* _ACTION ITEM_
Output only the lines below from the one containing "White House Black" to the one containing "Der Garten ist", exactly as written, both ends kept.

* _MATERIAL FOR THIS EXERCISE_

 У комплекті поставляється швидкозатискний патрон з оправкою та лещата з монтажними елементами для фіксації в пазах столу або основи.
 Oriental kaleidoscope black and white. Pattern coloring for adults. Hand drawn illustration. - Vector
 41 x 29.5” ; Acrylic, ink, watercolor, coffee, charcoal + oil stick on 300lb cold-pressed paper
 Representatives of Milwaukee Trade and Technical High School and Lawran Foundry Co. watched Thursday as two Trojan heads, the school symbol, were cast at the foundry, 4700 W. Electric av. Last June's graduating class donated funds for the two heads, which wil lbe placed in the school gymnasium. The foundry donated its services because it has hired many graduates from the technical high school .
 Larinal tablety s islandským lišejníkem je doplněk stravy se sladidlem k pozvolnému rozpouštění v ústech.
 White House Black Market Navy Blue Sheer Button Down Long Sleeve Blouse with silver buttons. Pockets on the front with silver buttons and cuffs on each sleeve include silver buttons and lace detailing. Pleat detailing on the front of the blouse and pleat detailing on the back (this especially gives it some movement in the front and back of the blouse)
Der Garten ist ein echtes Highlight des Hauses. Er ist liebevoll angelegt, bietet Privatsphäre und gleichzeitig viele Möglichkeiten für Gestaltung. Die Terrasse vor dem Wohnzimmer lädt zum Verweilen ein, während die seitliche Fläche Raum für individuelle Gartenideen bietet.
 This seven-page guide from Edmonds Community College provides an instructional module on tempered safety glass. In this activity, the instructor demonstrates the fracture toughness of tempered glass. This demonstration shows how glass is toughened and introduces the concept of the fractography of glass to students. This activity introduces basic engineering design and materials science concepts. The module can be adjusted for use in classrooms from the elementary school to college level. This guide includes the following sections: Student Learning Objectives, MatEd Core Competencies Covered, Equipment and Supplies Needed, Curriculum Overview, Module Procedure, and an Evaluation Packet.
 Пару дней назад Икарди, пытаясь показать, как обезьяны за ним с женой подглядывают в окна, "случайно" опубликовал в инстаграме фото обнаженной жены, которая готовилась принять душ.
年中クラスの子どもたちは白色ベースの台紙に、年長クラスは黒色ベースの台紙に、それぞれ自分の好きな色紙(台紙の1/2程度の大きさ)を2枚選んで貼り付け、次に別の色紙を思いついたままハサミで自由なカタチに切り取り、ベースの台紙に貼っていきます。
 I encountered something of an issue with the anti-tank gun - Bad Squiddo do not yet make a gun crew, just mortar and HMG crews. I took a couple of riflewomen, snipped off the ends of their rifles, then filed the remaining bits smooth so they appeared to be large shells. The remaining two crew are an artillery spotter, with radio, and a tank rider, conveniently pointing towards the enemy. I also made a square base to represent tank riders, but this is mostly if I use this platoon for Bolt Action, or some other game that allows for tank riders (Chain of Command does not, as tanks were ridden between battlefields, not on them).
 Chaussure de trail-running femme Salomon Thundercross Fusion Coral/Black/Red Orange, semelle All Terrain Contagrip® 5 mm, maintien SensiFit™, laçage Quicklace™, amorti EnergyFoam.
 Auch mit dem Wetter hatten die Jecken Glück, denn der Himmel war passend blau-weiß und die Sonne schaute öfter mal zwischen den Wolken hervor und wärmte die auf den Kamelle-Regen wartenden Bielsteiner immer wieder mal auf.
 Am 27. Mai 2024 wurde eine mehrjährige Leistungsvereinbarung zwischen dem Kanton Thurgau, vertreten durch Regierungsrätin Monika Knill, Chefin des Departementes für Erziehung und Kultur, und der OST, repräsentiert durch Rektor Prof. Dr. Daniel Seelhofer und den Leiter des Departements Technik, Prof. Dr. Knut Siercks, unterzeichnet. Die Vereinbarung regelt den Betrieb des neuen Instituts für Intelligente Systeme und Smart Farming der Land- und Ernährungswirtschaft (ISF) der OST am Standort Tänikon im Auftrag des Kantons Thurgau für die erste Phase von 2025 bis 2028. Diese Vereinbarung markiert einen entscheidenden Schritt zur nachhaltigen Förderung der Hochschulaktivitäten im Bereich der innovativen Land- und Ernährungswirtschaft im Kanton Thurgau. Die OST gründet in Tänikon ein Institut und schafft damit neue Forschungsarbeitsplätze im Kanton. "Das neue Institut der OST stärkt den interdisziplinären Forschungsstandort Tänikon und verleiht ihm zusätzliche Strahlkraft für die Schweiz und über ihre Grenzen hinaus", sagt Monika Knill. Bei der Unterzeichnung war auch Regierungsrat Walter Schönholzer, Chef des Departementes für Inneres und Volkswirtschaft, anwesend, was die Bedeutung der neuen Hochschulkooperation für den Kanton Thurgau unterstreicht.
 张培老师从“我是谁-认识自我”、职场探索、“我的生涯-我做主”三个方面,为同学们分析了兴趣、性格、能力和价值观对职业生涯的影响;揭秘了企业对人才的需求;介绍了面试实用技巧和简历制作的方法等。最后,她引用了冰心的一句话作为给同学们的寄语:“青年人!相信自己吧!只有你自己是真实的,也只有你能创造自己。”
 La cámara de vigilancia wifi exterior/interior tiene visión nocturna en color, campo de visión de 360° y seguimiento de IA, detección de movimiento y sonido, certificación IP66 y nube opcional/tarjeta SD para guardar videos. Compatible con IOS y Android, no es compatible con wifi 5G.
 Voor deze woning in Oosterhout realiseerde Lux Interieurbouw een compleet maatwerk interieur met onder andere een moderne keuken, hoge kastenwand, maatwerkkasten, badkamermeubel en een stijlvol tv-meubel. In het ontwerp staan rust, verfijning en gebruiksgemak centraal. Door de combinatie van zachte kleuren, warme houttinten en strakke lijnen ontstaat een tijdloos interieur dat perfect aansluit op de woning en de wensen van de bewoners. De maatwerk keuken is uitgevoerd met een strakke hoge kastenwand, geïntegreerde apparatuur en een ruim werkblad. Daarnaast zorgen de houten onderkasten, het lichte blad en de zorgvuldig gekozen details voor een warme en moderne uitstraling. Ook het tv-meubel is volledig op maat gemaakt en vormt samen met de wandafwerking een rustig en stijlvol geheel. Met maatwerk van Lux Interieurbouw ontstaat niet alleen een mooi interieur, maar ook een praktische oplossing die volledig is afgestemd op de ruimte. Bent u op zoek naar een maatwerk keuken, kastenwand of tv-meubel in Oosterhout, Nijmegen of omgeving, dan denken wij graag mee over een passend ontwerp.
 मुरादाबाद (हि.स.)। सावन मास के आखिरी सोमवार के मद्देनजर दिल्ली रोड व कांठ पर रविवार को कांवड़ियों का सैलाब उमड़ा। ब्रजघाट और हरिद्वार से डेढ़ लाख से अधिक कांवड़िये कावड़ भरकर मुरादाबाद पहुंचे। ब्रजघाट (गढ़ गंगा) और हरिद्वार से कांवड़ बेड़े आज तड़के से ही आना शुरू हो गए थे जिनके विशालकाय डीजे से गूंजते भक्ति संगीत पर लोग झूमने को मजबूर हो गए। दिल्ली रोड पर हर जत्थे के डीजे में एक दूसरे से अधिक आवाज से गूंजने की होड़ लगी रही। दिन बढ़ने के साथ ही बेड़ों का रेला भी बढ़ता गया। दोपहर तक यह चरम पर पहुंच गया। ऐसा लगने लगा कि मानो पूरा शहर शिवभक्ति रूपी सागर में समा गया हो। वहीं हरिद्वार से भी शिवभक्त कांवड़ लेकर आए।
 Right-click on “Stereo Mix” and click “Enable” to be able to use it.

* _SOLUTION FOR THIS EXERCISE_
 White House Black Market Navy Blue Sheer Button Down Long Sleeve Blouse with silver buttons. Pockets on the front with silver buttons and cuffs on each sleeve include silver buttons and lace detailing. Pleat detailing on the front of the blouse and pleat detailing on the back (this especially gives it some movement in the front and back of the blouse)
Der Garten ist ein echtes Highlight des Hauses. Er ist liebevoll angelegt, bietet Privatsphäre und gleichzeitig viele Möglichkeiten für Gestaltung. Die Terrasse vor dem Wohnzimmer lädt zum Verweilen ein, während die seitliche Fläche Raum für individuelle Gartenideen bietet.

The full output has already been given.